> [Problem requirements]
Where the line containing "Submit Request for Hearing" appears, start copying; continue through the last line below and copy nothing else.

> [Given information]
------------------------------

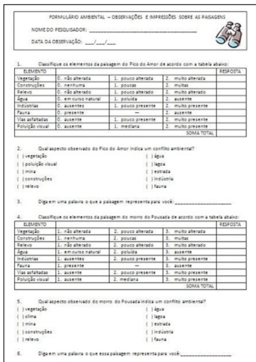
Figure 1. Example of the “Environmental Form”.

as a result, reflects the expectations, the demands and the ecological problems of the situation in Itabira 3 . This phase also included investigation work on the matter, distributed among the students. The fieldwork organisation team also worked on obtaining the equipment necessary to make observations of the landscape and to record the activity, such as compasses, binoculars, digital cameras, etc.
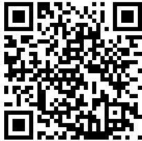
Submit Request for Hearing

Notice: This electronic notice board is the Official Notice Board (ONB) for this regatta.

------------------------------

> [Finished exercise]
Submit Request for Hearing

Notice: This electronic notice board is the Official Notice Board (ONB) for this regatta.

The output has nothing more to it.